1-rank approximation:

compress_img(X, 1)
../../_images/f2fcef63b1a69fb7c5ca87c9f7bc158487cd420d26fd6df5ae094245a330ca46.svg

\(2\)-rank approximaion:

compress_img(X, 2)
../../_images/468cd6c2d22dac37bc3bafe91f3f862fae5a4c879d16d3d8322fd1d987691615.svg

\(5\)-rank approximation:

compress_img(X, 5)
../../_images/f20b99a7b1606614e60e8e2c4afd1484e26e6d5927ea0b4159c7fff7f51044b4.svg

\(10\)-rank approximation:

compress_img(X, 10)
../../_images/302210e027d3073602fe0a6d48acbfa3fe1065ca6b781318e615feaf2c645521.svg

\(20\)-rank approximation is quite admittable:

compress_img(X, 20)
../../_images/9641e50745aea5f58e8c05ba96488ec0d113475b8effbe84fb72a83f522f3177.svg

Now plot the error of arroximation:

plot_SVD_approx(X)
../../_images/cf934fc067f3dd850abaa0fe7e79516b6fb7f1afeb1bec35940d4c2ab2c50248.svg

Exercises#

  1. Show that \(\Vert \boldsymbol A \Vert_F^2 = \sum\limits_{i = 1}^r \sigma_i^2\).

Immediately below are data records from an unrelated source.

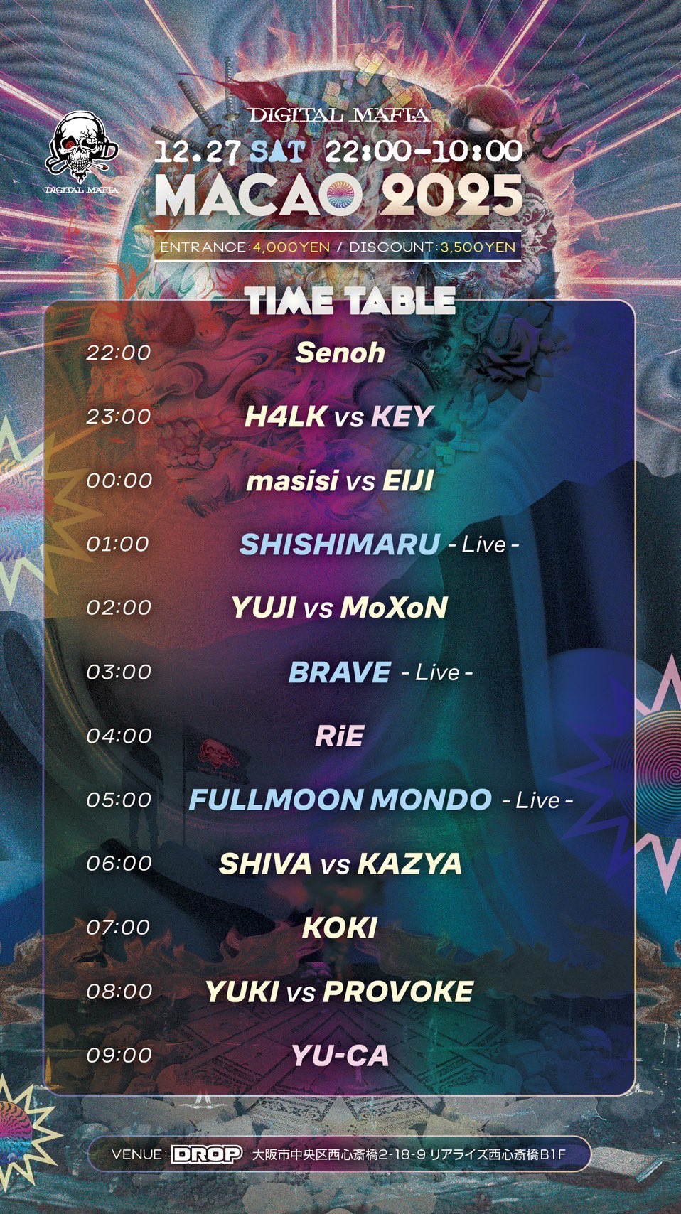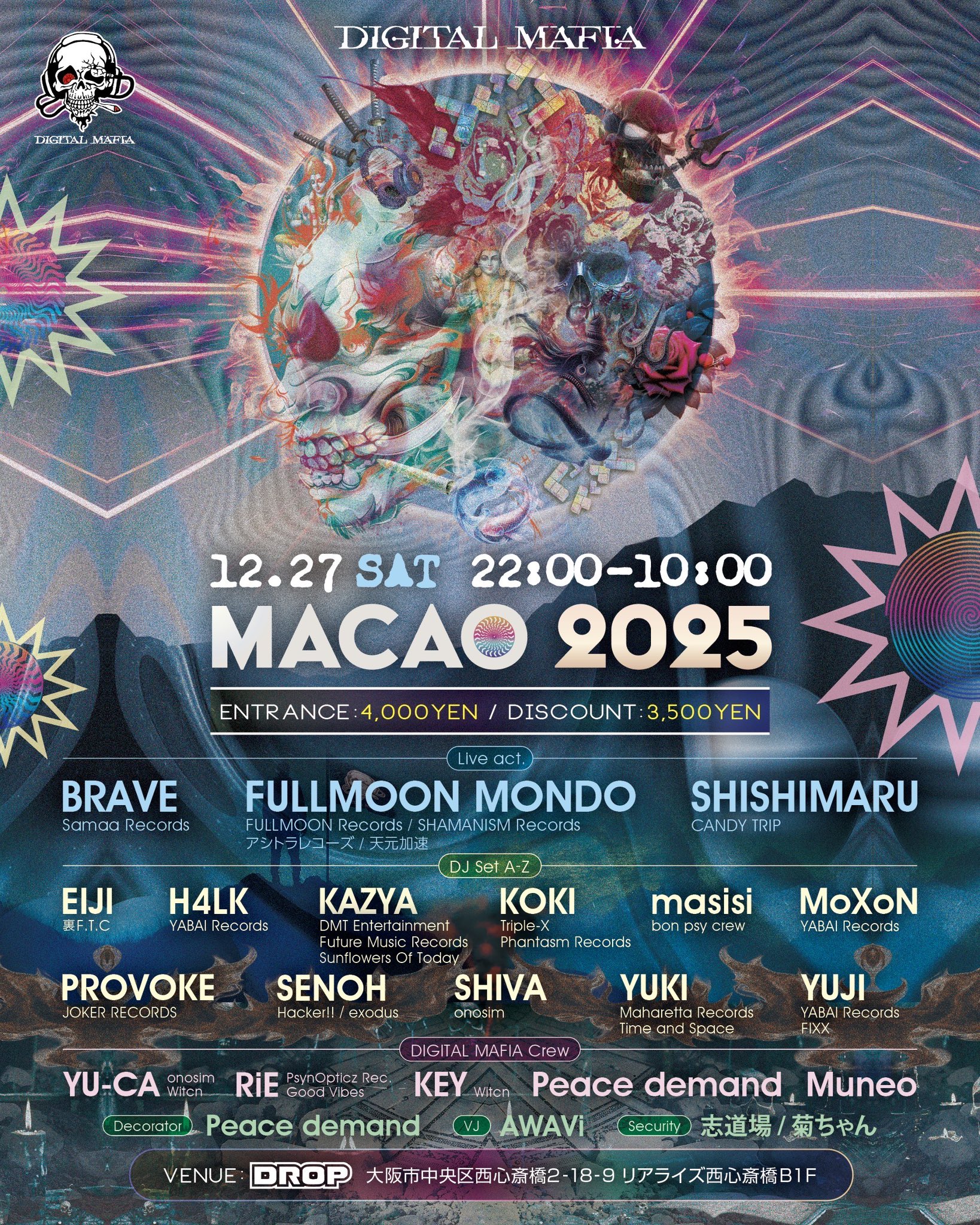 - Live act.BRAVE(Samaa Records) / FULLMOON MONDO(FULLMOON Records/SHAMANISM Records/アシトラレコーズ/天元加速) / SHISHIMARU(CANDY TRIP) [DJ Set A-Z] EIJI(裏F.T.C) / H4LK(YABAI Records)・KAZYA(DMT Entertainment Future Music Records/SunFlowers Of Today) / Future Music Records/SunFlowers Of Today) / KOKI(Triple-X/Phantasm Records) / PROVOKE(JOKER RECORDS) / SENOH(Hacker!!/exodus) / SHIVA(onosim) / YUKI(Maharetta Records/Time and Space) / YUJI(YABAI Records/FIXX) [DIGITAL MAFIA Crew] YU-CA(onosim/Witcn) / RiE(PsynOpticz Rec./Good Vibes) / KEY(Witcn) / Peace demand / Muneo [Decorator] Peace demand [VJ] AWAVi [Security] 志道場 / 菊ちゃん
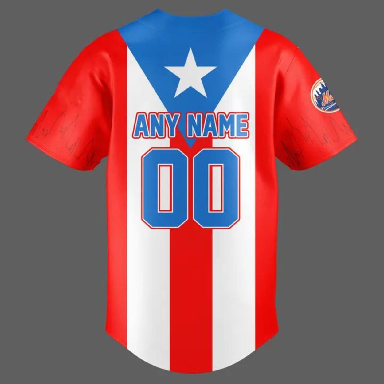 Design: Blue and orange jersey with “Los Mets,” Puerto Rican flag, and Taíno symbols.
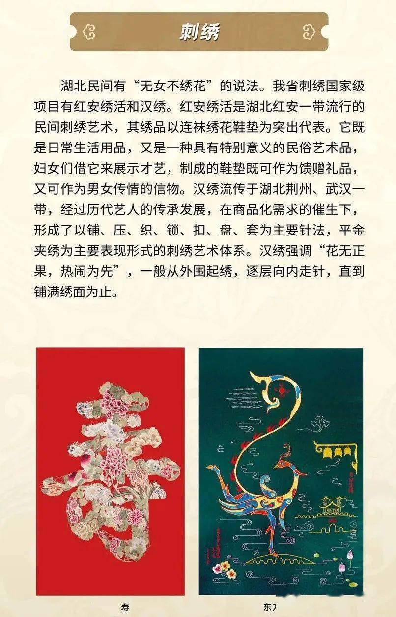 湖北民间有“无女不绣花”的说法。绣娘云集的集镇,往往被冠以“绣”名,如汉口的“绣花街”,洪湖的“绣花堤”,石首的“绣林镇”等。我省的刺绣国家级项目有红安绣活和汉绣。

  2. Find SVD of a one-rank matrix \(\boldsymbol A = \boldsymbol{uv}^\mathsf{T}\), \(\boldsymbol u \in \mathbb R^m\), \(\boldsymbol v \in \mathbb R^n\).

  3. Prove that \(\boldsymbol u_i\) are eigenvectors of \(\boldsymbol {AA}^\mathsf{T}\), whereas \(\boldsymbol v_i\) are eigenvectors of \(\boldsymbol A^\mathsf{T} \boldsymbol A\). What about eigenvalues?

  4. Show that \(\Vert \boldsymbol A - \hat{\boldsymbol A}_K\Vert_F^2 = \sum\limits_{i=K+1}^r \sigma_i^2\).